Я вспомнил о своем путешествии под землей в “оазис алых пальм”, и у меня шевельнулась смутная надежда.
— Ну, допустим, я что-нибудь придумаю. Может быть, свершится чудо и мне удастся попасть на эти испытания, хотя я даже не знаю, где они будут. Ну, а вы? Ведь вам нужно скрыться. Вам нужно бежать. Если приедут представители фирмы и увидят, что вы не Фернан…
Он медленно покачал головой:
— Я не могу бежать. Я должен не попадаться им на глаза. Даже если меня и потребуют, хотя я надеюсь, что во мне никакой нужды не будет.
Мы долго молчали. Затем я спросил:
— Вы, кажется, довольно свободно перемещаетесь по территории?
— Да. Относительно.
— Куда вам разрешается ходить?
— Всюду, за исключением резиденции Грабера и этого странного парка за стеной.
— Вы имеете в виду “оазис алых пальм”?
— Алых? Почему алых? Эти пальмы грязно-песочного цвета.
Я засмеялся:
— Это я придумал название. В день моего приезда они были окрашены лучами заходящего солнца в ярко-красный цвет.
— За ограду я доступа не имею, хотя моя лаборатория примыкает к стене, за которой находится оазис.
Я удивился. Неужели Пуассон не имел прямого доступа в оранжерею, в которой я побывал? Впрочем…
— Слушайте, — сказал я, — есть план. Вы можете попасть в сад. Но учтите: постройка за стеной обитаема и я не знаю, кто там живет. За время, оставшееся до приезда военных, вы должны хорошенько все разведать. Если вам удастся выяснить, где будут демонстрироваться достижения Грабера, я попытаюсь что-нибудь сделать.
— А как я смогу попасть в оазис?
Я выключил рентгеновский аппарат, и мы вышли в лабораторию.

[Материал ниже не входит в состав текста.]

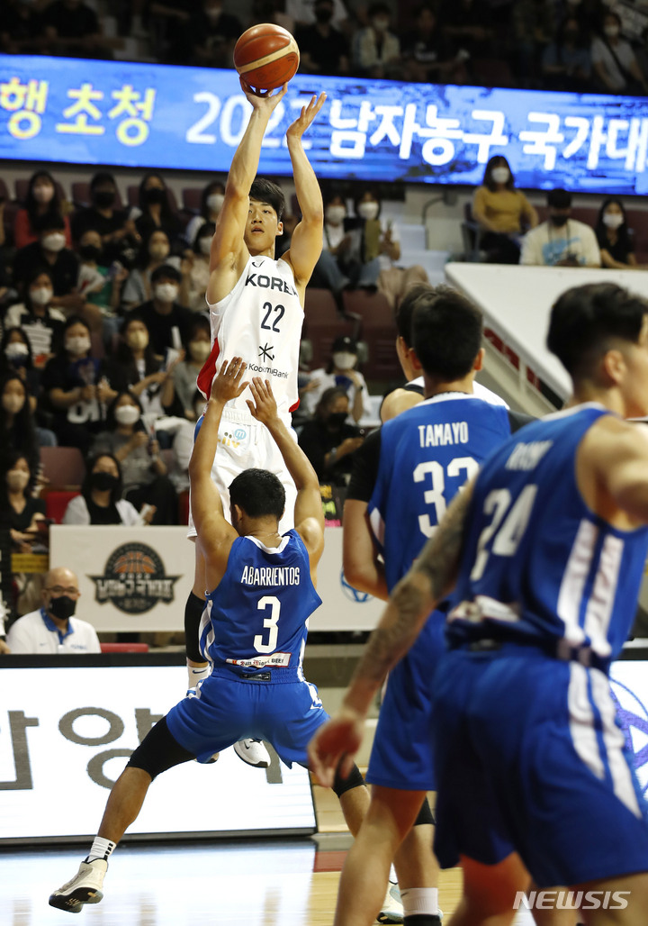 [안양=뉴시스] 정병혁 기자 = 17일 오후 경기 안양시 안양실내체육관에서 열린 KB국민은행 초청 2022 남자농구 국가대표 평가전 대한민국과 필리핀의 경기, 대한민국 여준석이 슛을 하고 있다. 2022.06.17. [email protected]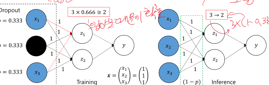 테스트 할 땐 drop out 없이 테스트 하는데 방식이 살짝 다르다.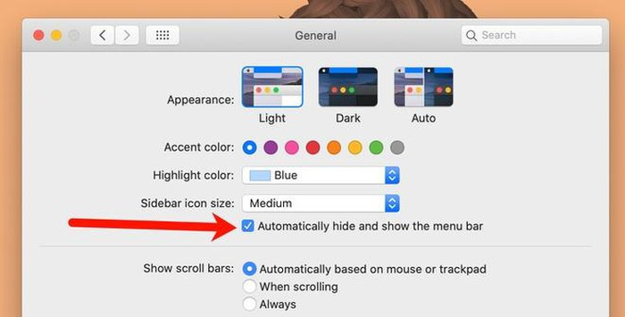 Nếu cần không gian hiển thị tối ưu, bạn có thể ẩn thanh công cụ ở phía trên màn hình bằng cách vào System Preferences -> General -> Automatically hide and show the menu bar. Ảnh: Chụp màn hình.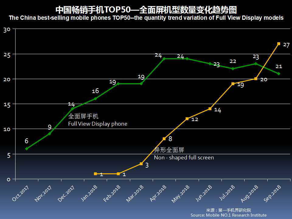 9月中国畅销手机TOP 50的全面屏手机上升至48款,环比8月增长5款。其中异形全面屏占27款,环比上月增加了7款。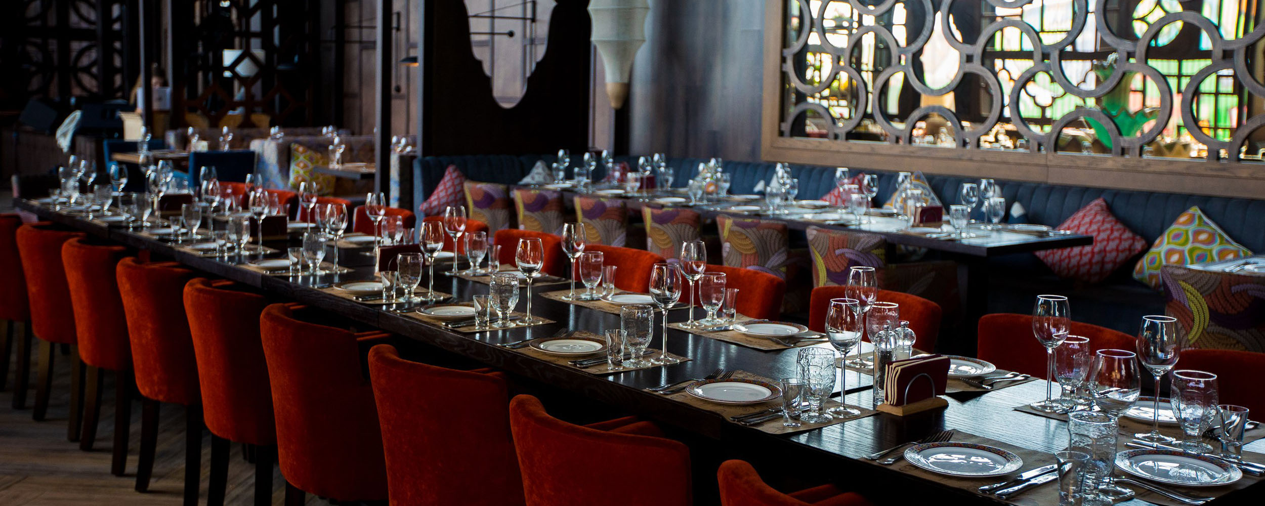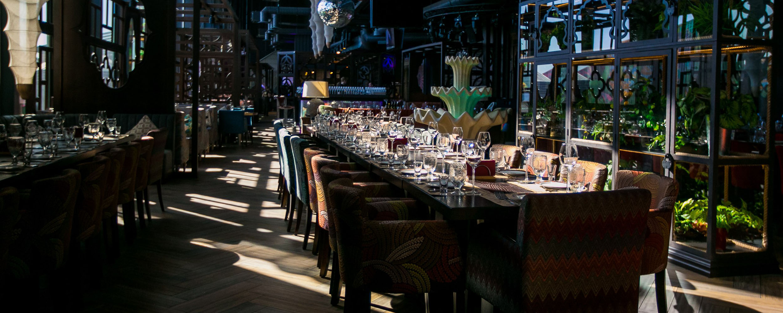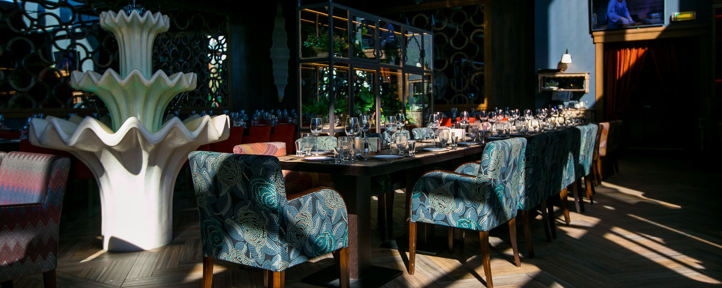 При оформлении ресторана были использованы только натуральные, легкие материалы. Восточные ковры, мебель ручной работы, мягкие диваны, шатер, резные орнаменты и восточная мозаика создают одновременно теплое и стильное пространство зала. Вместительный зал позволяют проводить пышные празднования шумными компаниями: банкеты, корпоративы и дни рождения. Есть сцена для вечерних мероприятий и танцпол. Рядом с ним расположилась контактная барная стойка.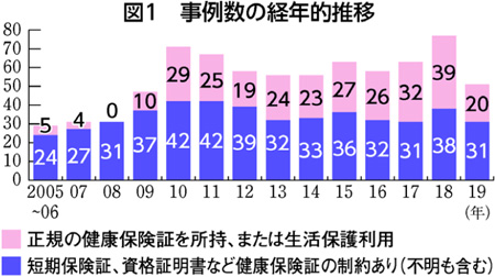 全国711の民医連事業所の患者・利用者が対象。19年度は27都道府県から51事例が寄せられました。(1)国保税(料)、その他の保険料滞納などで、無保険もしくは資格証明書、短期保険証となり、病状が悪化し死亡に至ったと考えられる事例、(2)正規保険証を保持しながら経済的事由で受診が遅れ死亡に至ったと考えられる事例です。05年度から続く調査です。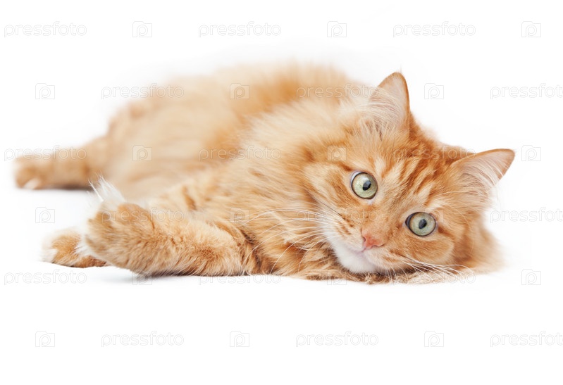 Рыжий кот, изолированный на белом фоне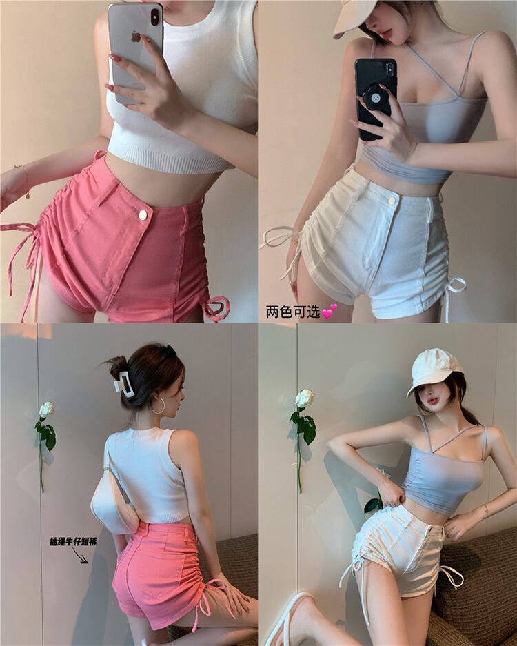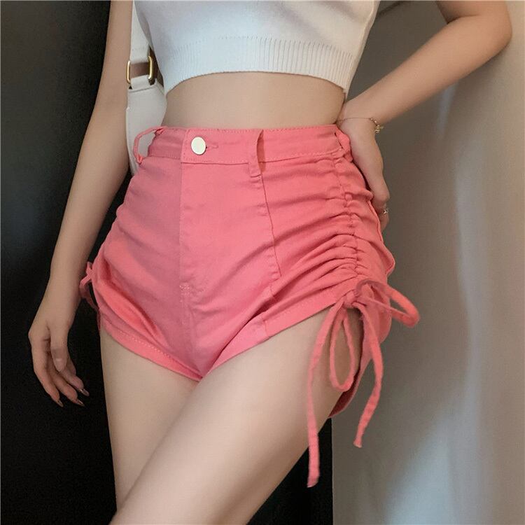 ショーツ サマーギャザーハイウェストウェストワイドレッグパンツ ピンク 夏物 ブルマー ワイドパンツ フラワークラフター1095783200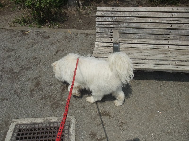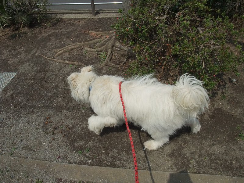 でも、公園にさしかかるとき、入るときには、嬉しくなってか、道路から早く逃げたくてか、ぐいぐい引っ張って入っていきます。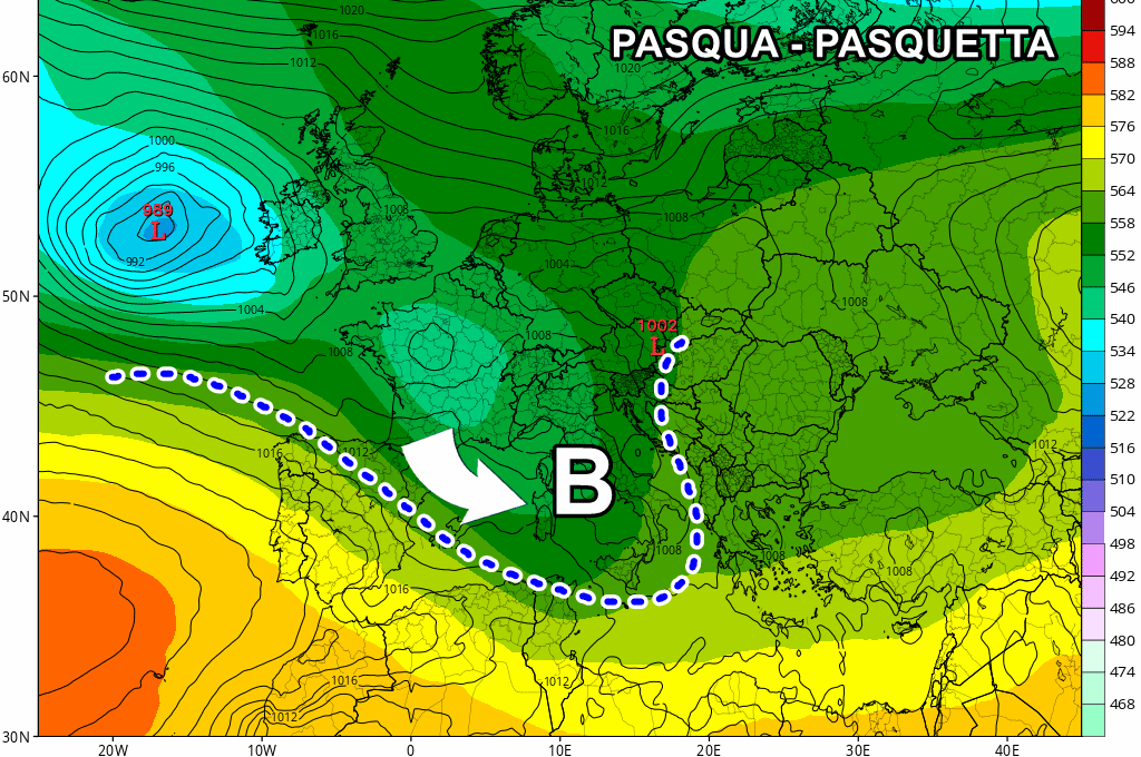 Il maltempo però non mollerà facilmente la presa e si ripresenterà sulla nostra penisola nel giorno di Pasqua. Arriverà un’altra perturbazione di stampo atlantico, che ripercorrerà le orme delle precedenti perturbazioni e pertanto riproporrà la pioggia prima al Nord-Ovest, sulla Sardegna, poi sul Nord-Est e gran parte del Centro Italia nel corso della domenica di Pasqua.

— Кстати, как ваше настоящее имя? — спросил я.
— Называйте меня пока Фернаном, — ответил он улыбаясь.
Я устыдился своей наивности.
Мы подошли к висевшему на стене ящику, на крышке которого были изображены череп и две кости, перечеркнутые красной молнией.
— У вас в лаборатории это есть? — спросил я.
Он кивнул головой.
Я подошел к спектрографу, вытащил из-под рельсы ключ, открыл ящик. Фернан заглянул внутрь и легонько свистнул.
— Ясно? — спросил я.
Он кивнул головой.
— Только учтите вот что.
Я запер дверь, подвел его к стене и поднял край линолеума. Он увидел металлические контакты и быстро закивал.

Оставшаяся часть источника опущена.